Extracted records:
•••••
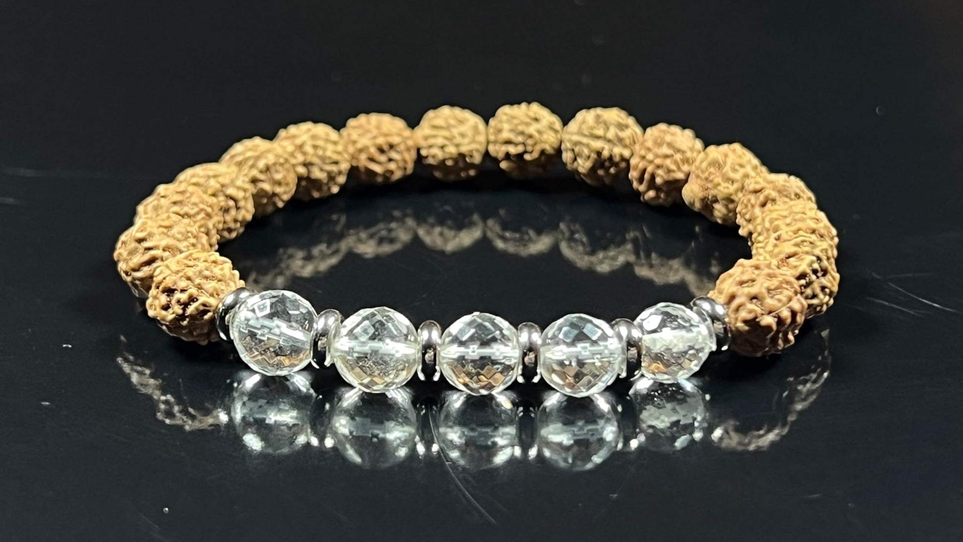 - This 8mm handmade Chikna Rudraksha and facetted Crystal Quartz stretch bracelet is a harmonious blend of natural elements and spiritual significance. The Rudraksha beads, known for their spiritual resonance, are elegantly paired with facetted Crystal Quartz, adding a touch of brilliance. The bracelet is designed to fit wrist sizes from 5.5 to 9.5 inches, making it versatile and comfortable for daily wear or special occasions.
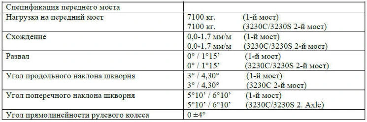 Углы установки колес передних мостов должны быть измерены и отрегулированы с помощью измерительного инструмента в соответствии с данными спецификации Таблицы.
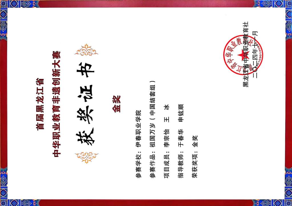 2018年,于春華老師的中國(guó)繩結(jié)技藝課作為拓展課面向全校學(xué)生開(kāi)設(shè)。2019年,在校領(lǐng)導(dǎo)的關(guān)懷和支持下,在大學(xué)生創(chuàng)新創(chuàng)業(yè)辦公室主任及老師的幫助和策劃之下,成立了磐古結(jié)藝工坊,作為伊春職業(yè)學(xué)院特有的中國(guó)結(jié)工作室,面向全校學(xué)生開(kāi)放。它不僅豐富了學(xué)生的課余文化生活,培養(yǎng)了一大批喜愛(ài)編制中國(guó)繩結(jié)的學(xué)生,對(duì)中國(guó)傳統(tǒng)手工技藝的傳承起到了積極作用。自工作室成立以來(lái),先后四年參加黑龍江省互聯(lián)網(wǎng)+大學(xué)生創(chuàng)新創(chuàng)業(yè)大賽,均取得優(yōu)異的成績(jī)。2023年8月,于春華老師帶領(lǐng)的繩結(jié)技藝團(tuán)隊(duì)還榮獲2023年伊春市市級(jí)技能大師工作室稱號(hào)。2024年8月,被黑龍江省人社廳評(píng)委省級(jí)技能大師工作室。同時(shí)2024年8月磐古結(jié)藝工作室的中國(guó)結(jié)項(xiàng)目被伊美區(qū)評(píng)為區(qū)級(jí)非物質(zhì)文化遺產(chǎn),2025年3月此中國(guó)結(jié)項(xiàng)目又被評(píng)為伊春市市級(jí)非物質(zhì)文化遺產(chǎn)。
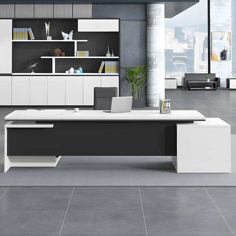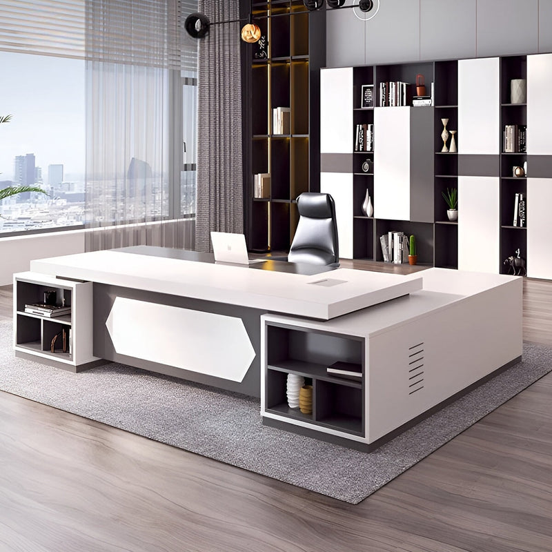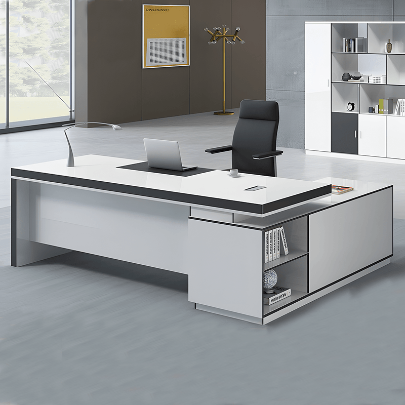 サイドキャビネット ロック付き アジャスター付き エグゼクティブデスク 社長机 オフィスデスク 作業台 事務机 PCデスク ホワイト シンプル LBZ-T010
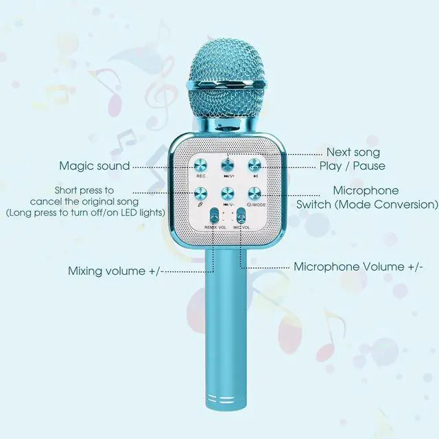 [Bright LED Karaoke Microphone ] The lightweight handheld karaoke microphone is mini size and easy to hold, the comfortable touch feeling both suits for all ages people. With the increase of the rhythm and volume, the LED light becomes brighter, creating an atmosphere of being on the stage, allowing you to enjoy your singing more. I bet people who receive this microphone will very love it
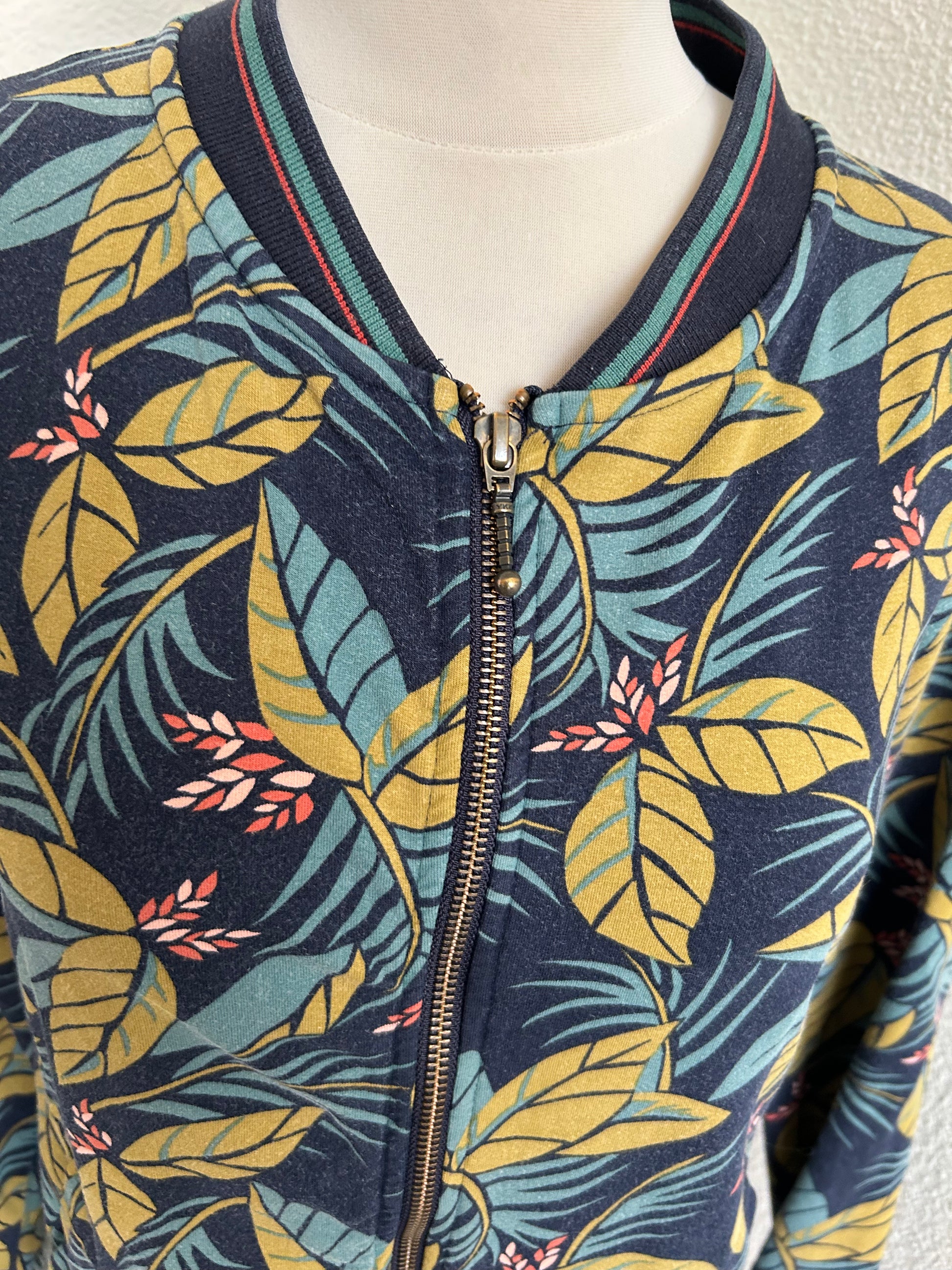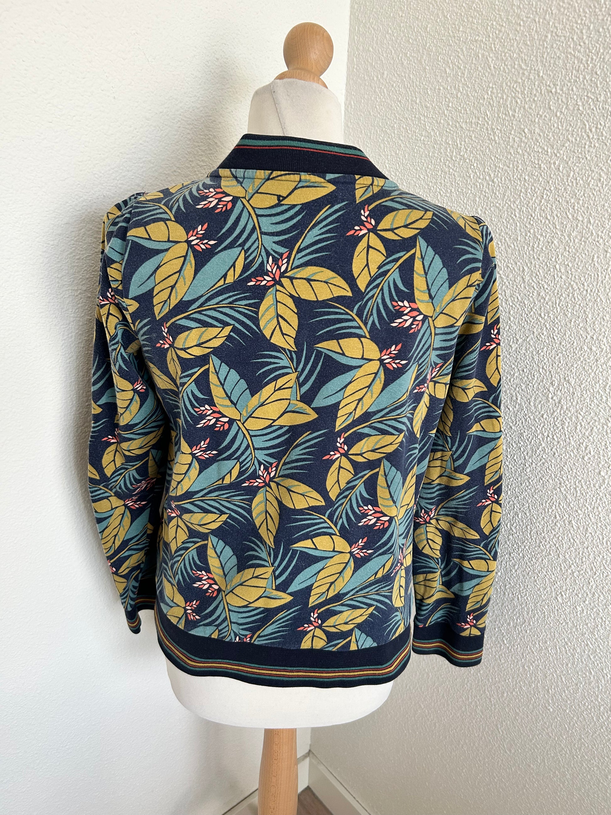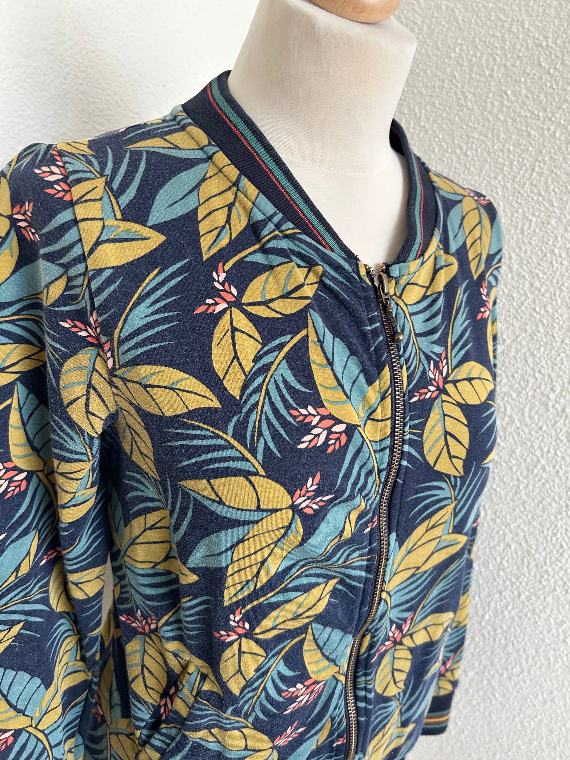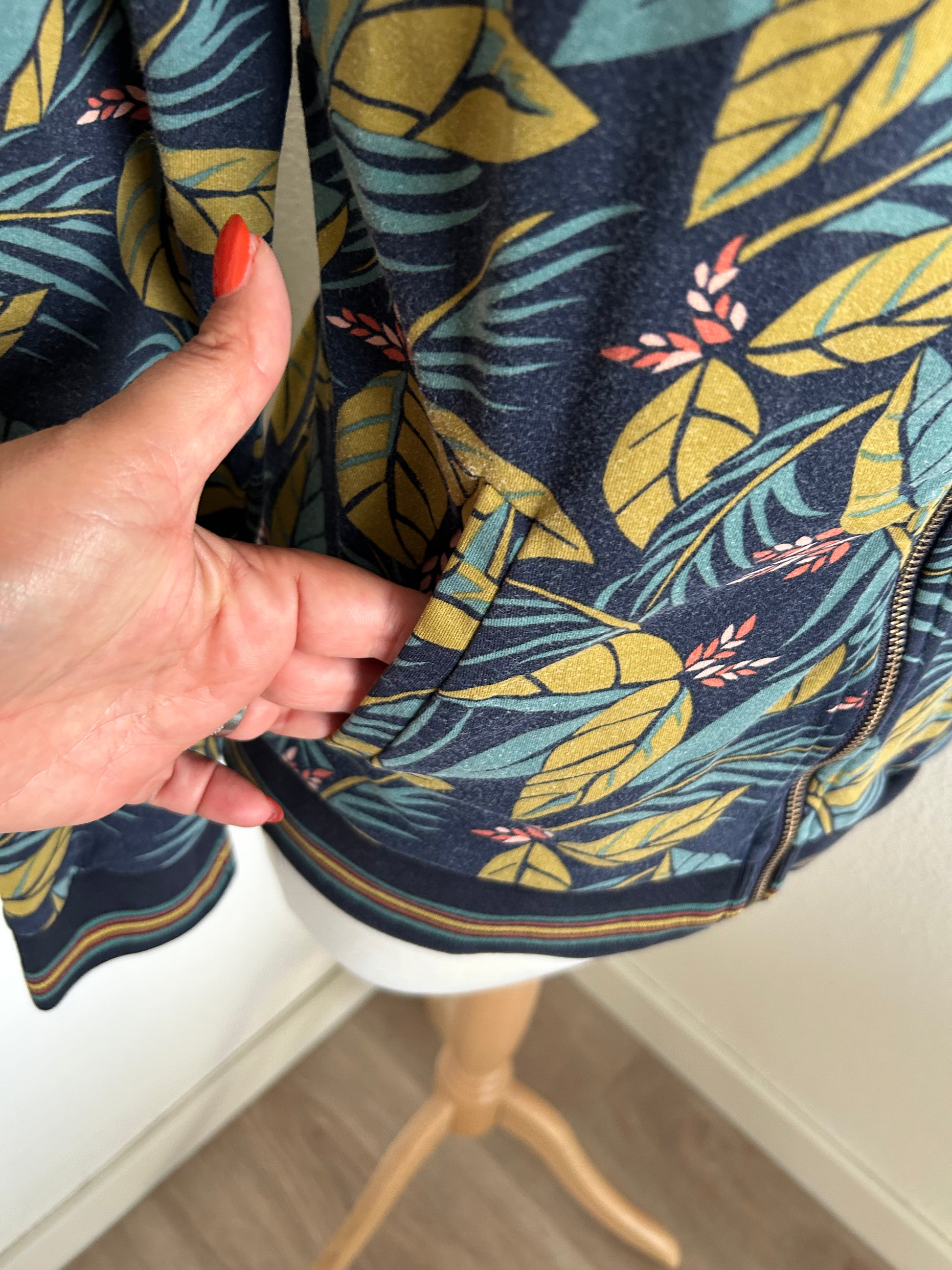 - Donkerblauw / marine blauw met groene en wijnrode tropische bladeren print
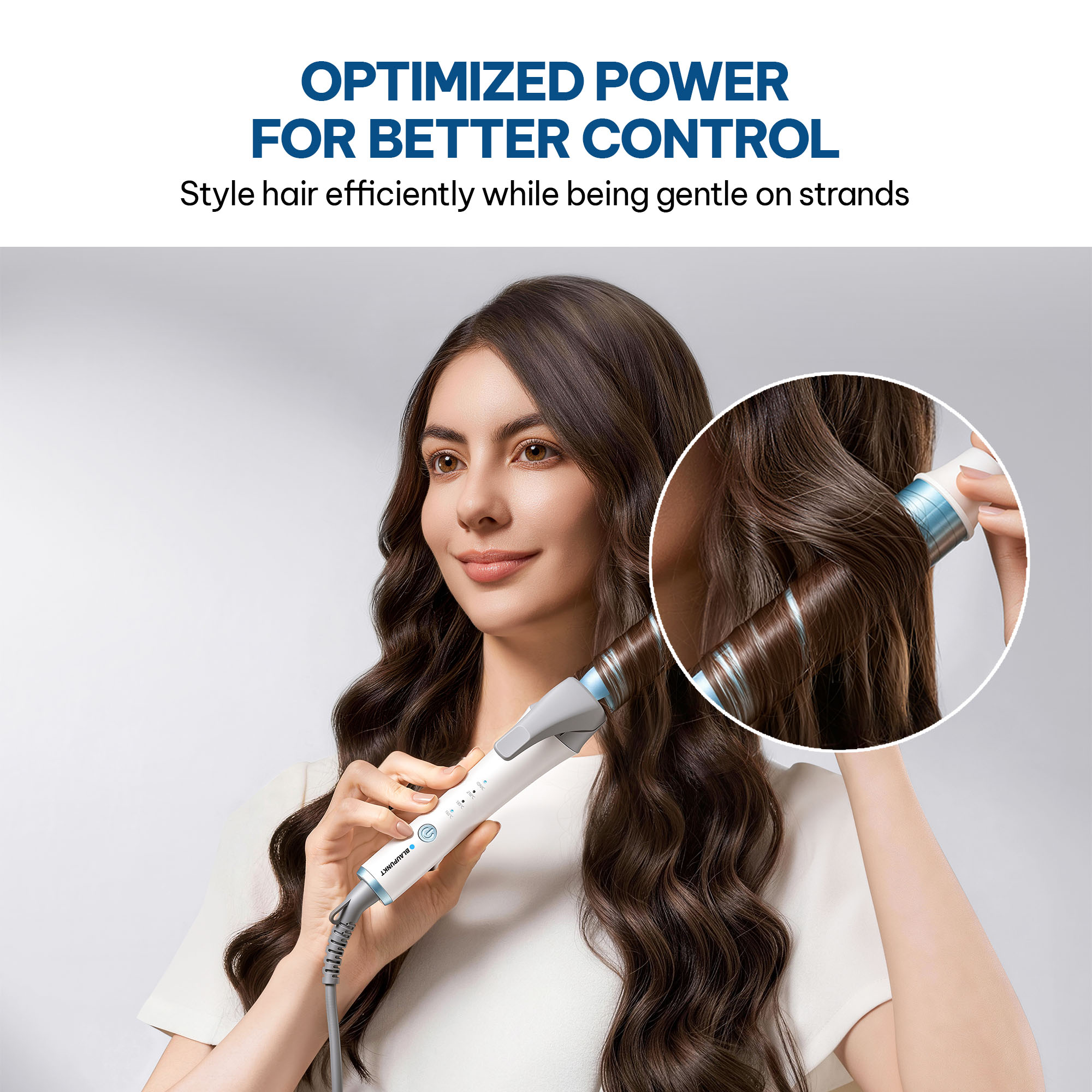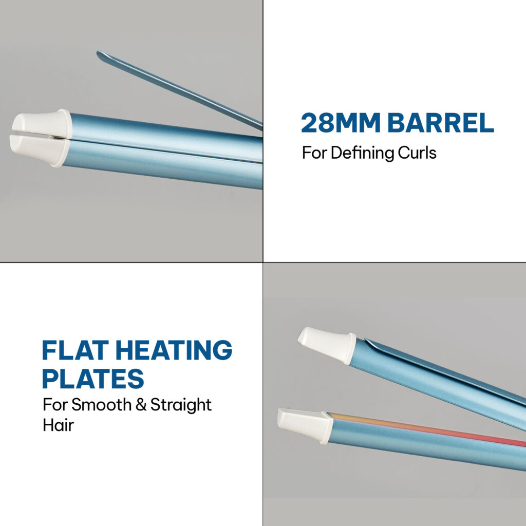 Ideal barrel size for defined curls, while wide flat heating plates support smooth straight styling.
•••••
# [Exercise instructions]
From the first line to the last, print the records exactly; leave out the pictures.

# [Your solution]
 - This 8mm handmade Chikna Rudraksha and facetted Crystal Quartz stretch bracelet is a harmonious blend of natural elements and spiritual significance. The Rudraksha beads, known for their spiritual resonance, are elegantly paired with facetted Crystal Quartz, adding a touch of brilliance. The bracelet is designed to fit wrist sizes from 5.5 to 9.5 inches, making it versatile and comfortable for daily wear or special occasions.
 Углы установки колес передних мостов должны быть измерены и отрегулированы с помощью измерительного инструмента в соответствии с данными спецификации Таблицы.
 2018年,于春華老師的中國(guó)繩結(jié)技藝課作為拓展課面向全校學(xué)生開(kāi)設(shè)。2019年,在校領(lǐng)導(dǎo)的關(guān)懷和支持下,在大學(xué)生創(chuàng)新創(chuàng)業(yè)辦公室主任及老師的幫助和策劃之下,成立了磐古結(jié)藝工坊,作為伊春職業(yè)學(xué)院特有的中國(guó)結(jié)工作室,面向全校學(xué)生開(kāi)放。它不僅豐富了學(xué)生的課余文化生活,培養(yǎng)了一大批喜愛(ài)編制中國(guó)繩結(jié)的學(xué)生,對(duì)中國(guó)傳統(tǒng)手工技藝的傳承起到了積極作用。自工作室成立以來(lái),先后四年參加黑龍江省互聯(lián)網(wǎng)+大學(xué)生創(chuàng)新創(chuàng)業(yè)大賽,均取得優(yōu)異的成績(jī)。2023年8月,于春華老師帶領(lǐng)的繩結(jié)技藝團(tuán)隊(duì)還榮獲2023年伊春市市級(jí)技能大師工作室稱號(hào)。2024年8月,被黑龍江省人社廳評(píng)委省級(jí)技能大師工作室。同時(shí)2024年8月磐古結(jié)藝工作室的中國(guó)結(jié)項(xiàng)目被伊美區(qū)評(píng)為區(qū)級(jí)非物質(zhì)文化遺產(chǎn),2025年3月此中國(guó)結(jié)項(xiàng)目又被評(píng)為伊春市市級(jí)非物質(zhì)文化遺產(chǎn)。
 サイドキャビネット ロック付き アジャスター付き エグゼクティブデスク 社長机 オフィスデスク 作業台 事務机 PCデスク ホワイト シンプル LBZ-T010
 [Bright LED Karaoke Microphone ] The lightweight handheld karaoke microphone is mini size and easy to hold, the comfortable touch feeling both suits for all ages people. With the increase of the rhythm and volume, the LED light becomes brighter, creating an atmosphere of being on the stage, allowing you to enjoy your singing more. I bet people who receive this microphone will very love it
 - Donkerblauw / marine blauw met groene en wijnrode tropische bladeren print
 Ideal barrel size for defined curls, while wide flat heating plates support smooth straight styling.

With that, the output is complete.